Fósseis de Glossopteris browniana.
Classificação científica
Domínio: Eukaryota
Reino: Plantae
Divisão: Pteridospermatophyta
Ordem: Glossopteridales
Família: Glossopteridaceae
Género: Glossopteris
Brongniart 1828 ex Brongniart 1831
Distribuição geográfica
Distribuição dos fósseis de Glossopteris (verde escuro) encontrados em todos os continentes do sul providenciam fortes evidências de que estes formavam a anteriormente um único super-continente
Distribuição dos fósseis de Glossopteris (verde escuro) encontrados em todos os continentes do sul providenciam fortes evidências de que estes formavam a anteriormente um único super-continente
Espécies
  • G. angustifolia
  • G. brasiliensis
  • G. browniana
  • G. communisi
  • G. Indica
  • G. occidentalis

Glossopteris (do grego glossa, significando "língua", porque as suas folhas tinham este formato assemelhado ao de uma língua) é o maior e mais conhecido gênero da extinta ordem de samambaias com sementes conhecidos como Glossopterídeas. Por muito tempo considerados samambaias depois de sua descoberta em 1824, mais tarde foram incluídos entre as gimnospermas. O gênero está colocado na divisão das Pteridospermatófitas.

Glossopteris eram árvores ou arbustos lenhosos e portadores de sementes, de 4 a 6 metros de altura. Elas possuíam um interior de madeira mole que se assemelhava com as coníferas da família das atuais araucárias. Sementes e órgãos portadores de pólen nasciam em pinhas na ponta de pequenas hastes presas nas folha. Ainda assim, algumas espécies podem ter desenvolvido sementes em estruturas parecidas com cones. As folhas podiam exceder 30 cm de comprimento.

As Glossopterídeas se desenvolveram durante o Permiano no grande continente meridional de Gondwana. São consideradas um fóssil guia mundial para as sequências gondwânicas e o principal conteúdo fossilífero dos carvões permianos, que são extraídos na Austrália, África do Sul e América do Sul. Estas plantas continuaram a se tornar parte dominante da flora meridional por todo o período Permiano até o começo do Triássico, entretanto se extinguiram no final deste período.

As Glossopteris tinham a copa parecida com uma árvore de natal. Ao invés de agulhas, elas tinham folhas largas e enormes com o formato de lança ou língua que caíam no chão no final do verão. Não é sabido se as folhas trocavam de cor antes de cair mas é bem provável que sim. Os anéis fossilizados das árvores do gênero indicam que elas cresciam constantemente no verão e paravam de crescer abruptamente no inverno.

Fósseis do Gondwana.
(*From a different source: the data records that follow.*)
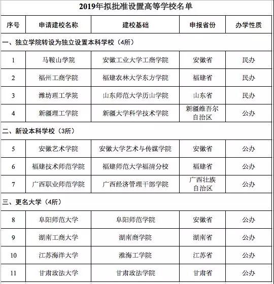 11所由省级人民政府申报设置的高等学校获得通过,公示后,教育部正式发函同意了!
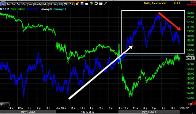 The 15 min chart in BIDU would normally suggest to me the move below that small April consolidation was indeed a head fake move to trap shorts for a squeeze, since I feel confident in the long term assessment of BIDU, I will not be trying to trade around and instead hold my position and look to add to it on strength.
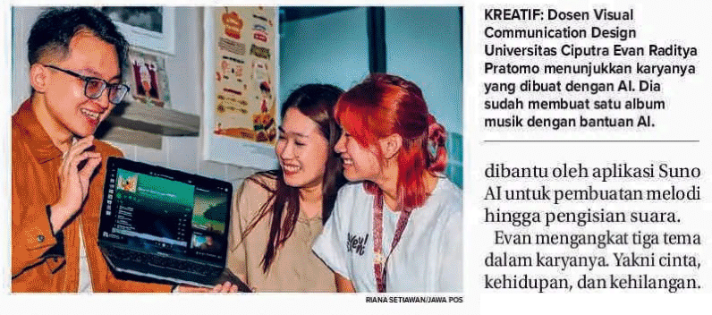 Dosen Universitas Ciputra Pakai AI untuk Buat 18 Lagu. Jawa Pos. 30 Januari 2025. Hal.15

A área de ocorrência da flora Glossopteris está indicada em verde.

Mais de 70 espécies de fósseis deste gênero foram reconhecidas só na Índia, com espécies adicionais na América do Sul, África, Austrália e Antártida. Somente alguns poucos exemplares no hemisfério norte foram considerados membros deste grupo, mas não são definitivamente identificados como tal seguramente.

Os fósseis de Glossopteris são surpreendentemente homogêneos e estão distribuídos pelo hemisfério sul. Vinte espécies de folhas encontradas na Antártida são comuns em rochas de idade geológica similar na Índia, localizada agora ao norte do equador e a meio mundo de distância. As sementes, grandes demais para serem levadas pelo vento, não poderiam ser levadas pelo mesmo por milhares de quilômetros de mar aberto, nem poderiam ter flutuado por tais distâncias no vasto oceano. Fatos como esse levaram o geólogo Eduard Suess a deduzir que teria havido uma ponte de terra entre estas áreas. Ele nomeou essa enorme massa de terra de Gondwanaland (nomeada devido ao nome do lugar na Índia aonde a planta Glossopteris foi achada). Estes mesmos fatos também dariam suporte à teoria da deriva continental de Alfred Wegener.

Afloramentos no Brasil[editar | editar código-fonte]

O primeiro trabalho a registrar a ocorrência de horizontes megaflorísticos associados às camadas de carvão dentro de um enfoque paleogeográfico e paleoclimático, na Bacia do Paraná, no Brasil meridional, foi o estudo realizado pelo geólogo Israel Charles White em 1908. Isto permitiu uma extensa correlação intra-gondwânica entre os depósitos carboníferos do sul do Brasil e aqueles registrados na África do Sul, na Austrália, Índia e Antártida, mostrando inclusive que esta última já esteve em paleolatitudes menos próximas do polo sul do que no momento, permitindo a ocorrência de uma extensa flora.

No Rio Grande do Sul, foram encontradas na Mina Faxinal em Arroio dos Ratos, Mina Morro do Papaléo em Mariana Pimentel e Quitéria em Pantano Grande. As espécies foram encontradas na Formação Rio Bonito e eram das espécies G. angustifolia, G. brasiliensis, G. browniana, G. communisi, G. indica e G. occidentalis.[1]

Ver também[editar | editar código-fonte]

Referências[editar | editar código-fonte]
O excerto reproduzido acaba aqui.